Four More Key Lessons From The 2008 ‘Moonshots For Management
With the resurgence of the challenge of rethinking management, it would be instructive to learn from the 2008 Moonshots For Management study, a group of 25 management academics and senior executives led by Gary Hamel who set out to "develop a management plan for the next 100 years." My last article outlines five major leadership changes over the next fifteen years that Moonshots didn't notice. Here are four other key points that Moonshots apparently didn't miss, including Peter Drucker's 1954 Basic Education.
1. Lunar shots overlooked how industrial age control works like an autoimmune system.
Moonshots notes, "The current management model is a coherent whole that is not easy to take apart." But Moonshots treated the operational period as if it consisted of 25 separate "missions".
The Moonshots group recognized that existing management processes have intrinsic resistance to change: “Management processes often contain hidden biases that favor continuity over change…While continuity is important, these subtle ingrained preferences for the status quo need to be brought to light,” researched He. and eradicate if necessary. .
What the Moonshots team failed to find is that the innate resistance to change in each individual process and the processes that drive artificial aging worked together as a complex adaptive system, much like the autoimmune system in the human body. As a result, when change occurred in one area, such as innovation, other industrial age management processes (budgeting, strategy, human resources, risk management, etc.) combined to prevent this change.
Therefore, the management of the industrial age is not amenable to partial changes. What is needed is a way to change a flexible and complex adaptive system.
2. Moonshots eliminate the need for new integrated and flexible adaptive systems
Not realizing that industrial age governance is a complex and stable adaptive system, Moonshots did not show that they needed a new complex adaptive system to replace it, including different mindsets, values and assumptions to change it. . In other words, Moonshot didn't show they knew what they were looking for.

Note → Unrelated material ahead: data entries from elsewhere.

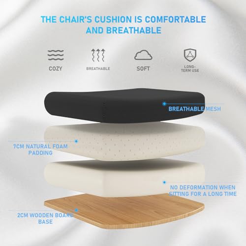 - The butterfly-shaped backrest not only supports your spine but also promotes optimal air circulation, keeping you cool and comfortable throughout your tasks. The chair’s seat cushion, measuring 50cm in length and 46cm in width, is generously padded with 7cm thick sponge material that retains its shape, offering you a soft yet supportive seating experience.
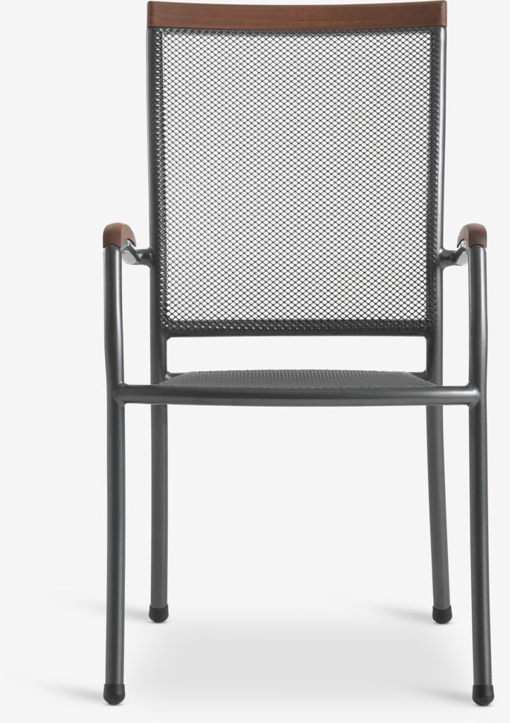 Scaun stivuibil gri cu șezut și spătar din plasă de oțel și cadru din oțel. Cotierele și marginea superioară a spătarului sunt finisate cu lemn de esență tare FSC®, tratat cu ulei pentru un aspect elegant. Oțelul este tratat cu un strat Durasint® anti rugină. Lemnul durabil este tratat cu ulei pentru a-l proteja și a-i evidenția culoarea naturală. Se recomandă tratarea regulată a lemnului pentru a-și menține culoarea și a-l proteja de umiditate.
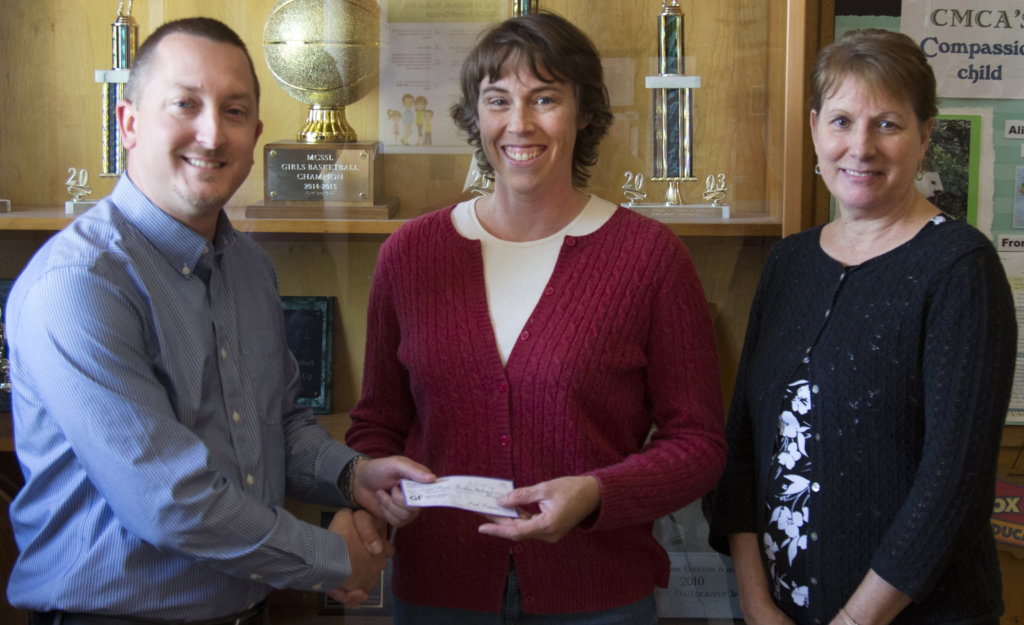Pastor David Poisson, left, of New Life Stevens Mills Church presents Amy Drake, center, the $500 Christian education scholarship. Also pictured is Pat St. Hilaire, administrator of Central Maine Christian Academy. New Life will award two $500 scholarships for school year 2018-2019. Applications will be available through May.
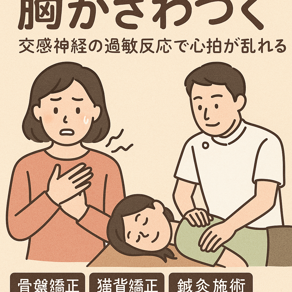 本記事では、自律神経の仕組みと東洋医学的な視点を交えて「胸のざわつき」の背景をわかりやすく説明します。さらに、当院で行っている骨盤矯正・猫背矯正・鍼灸施術・頭部施術が、どう症状改善に役立つのかを詳しく解説します。
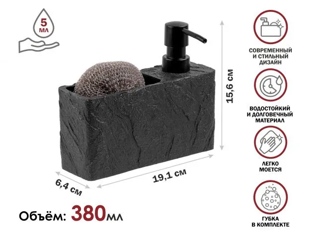Вдобавок, каждый диспенсер поставляется в комплекте с губкой, создавая неотразимую комбинацию удобства и стиля.
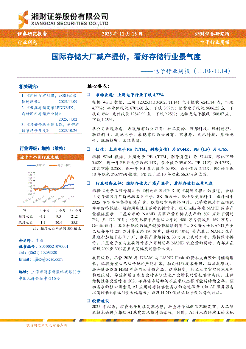 电子行业:湘财证券-电子行业周报:国际存储大厂减产提价,看好存储行业景气度-251116
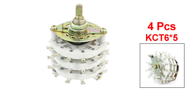 4Pcs 6mm Dia Shaft 6P5T Triple Deck Band Channel Rotary Switch Selector
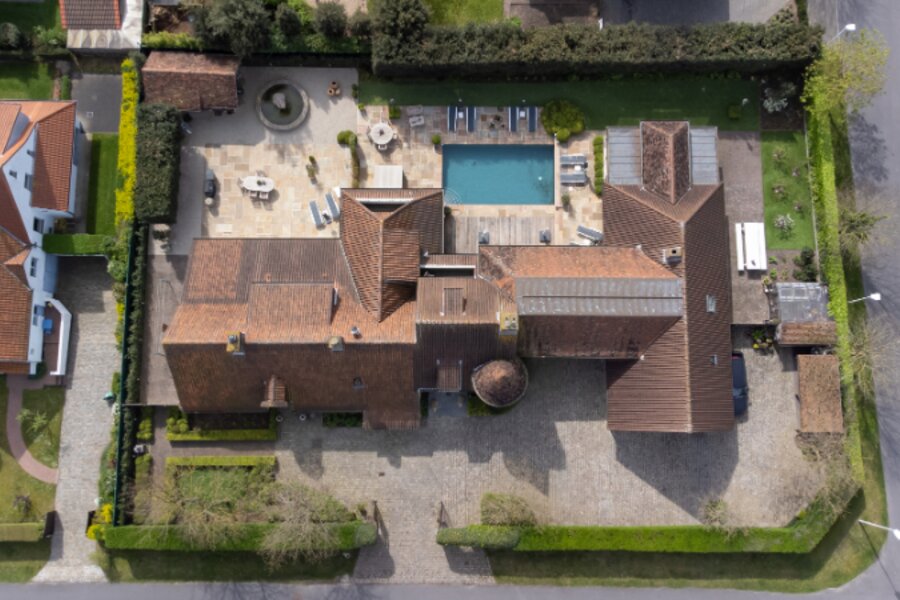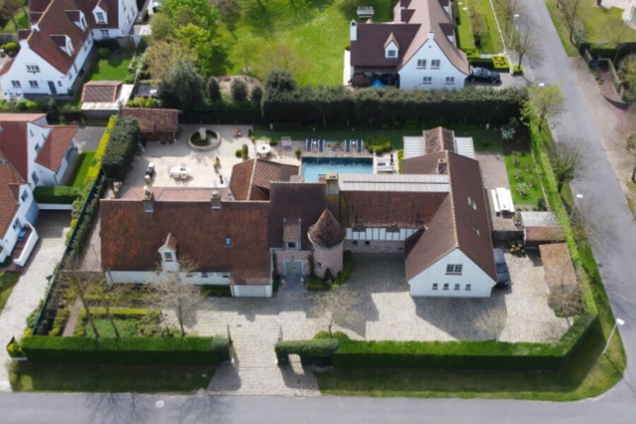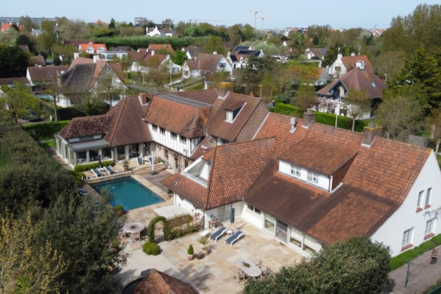 Exclusieve eigendom villa met B&B op een perceel van 1989m² gelegen in het hart van de Simli-wijk te Nieuwpoort-Bad. Deze grandioze villa met een bewoonbare oppervlakte van 860m² biedt u een compromisloze interactie van afwerking, comfort en ruimte! Het privé-gedeelte is voorzien van een grote inkomhal met een magistrale eiken trap, apart toilet, ruime woonkamer met houtkachel, compleet afgewerkte open keuken, wijnkelder avant la lettre van Cellier, veranda met uitzonderlijk veel licht & zon-inval, waskamer met centrale verwarming, doorgang naar het commerciële gedeelte & privé- gedeelte met de lift, bovenverdieping met 2 grote slaapkamers, dressing & één grote badkamer met bubbelbad, douche en dubbele wastafel. Buiten vinden we een zeer groot natuurstenen terras (96m²) met kasteelfontein en een eiken chalet afgewerkt met oude dakpannen en ingericht als tiroler hütte. Het commerciële gedeelte omvat een zéér kwalitatieve 4 sterren B&B met goede bewezen omzet; buiten zijn er 7 verschillende parkeerplaatsen zowel voor privé gebruik als voor de gasten. De gasten worden ontvangen in de lobby met zithoek en open haard met uitzicht op het zwembad, een aperitief kan geschonken worden in het gezellige "Au Petit Café" in eigentijdse stijl, de gang is voorzien van vestiaire en toilet en geeft uit op de professionele keuken waar menig topchef heeft gekookt en de fenomenale gezellige ontbijtruimte (80m²) met buffet met koeling en open haard & beamer. De bovenverdieping is toegankelijk via de torentrap of de lift, hier vinden we vier luxe-suites allemaal tijdloos ingericht met rustieke materialen en eiken parket en elk voorzien van hun eigen sanitair, bureelruimte op het einde van de gang. Er is een ruime dubbele garage met sectionale poort en technische ruimte voor frigo's en diepvries; chauffage & boilers. Buiten geniet u van een zonovergoten zuidwestgericht natuurstenen terras aan de rand van het zwembad in mozaïk (verwarmd via warmtepomp met warmtewisselaar, voorzien van automatisch rolluik in polycarbonaat). Aan de achterzijde vinden we nog een serre van 3x4m, 2 regenputten van 5000 Liter aangevuld met boorputwater; grote houtopslag en fietsenberging. Hoogwaardige afwerking door het Bourgondisch Kruis; alle kamers zijn voorzien van oude eiken deuren, afzonderlijk toilet en vestiairekast. EPC: 227 kWh/m². Vraagprijs: op aanvraag.

Instead, Moonshots proposed a group of 25 unrelated "missions", each of which could have potential as a component of a complex new adaptive system. There were no significant positive changes. Since the Moonshots group failed to present a coherent vision for a new complex adaptive system, their individual proposals for change came to nothing.
3. The Moonshots team skipped the Flex Composite tuning system that was already on the way.
Moonshots rejected on principle the idea that the solution to the management problem of the industrial age could lie in modern management practices. The Moonshots group writes: “Too often, scientists have been content with describing best practices rather than further research. Professionals are more likely to ask, "Has anyone else done this?" and stimulate the organizational skills of a person.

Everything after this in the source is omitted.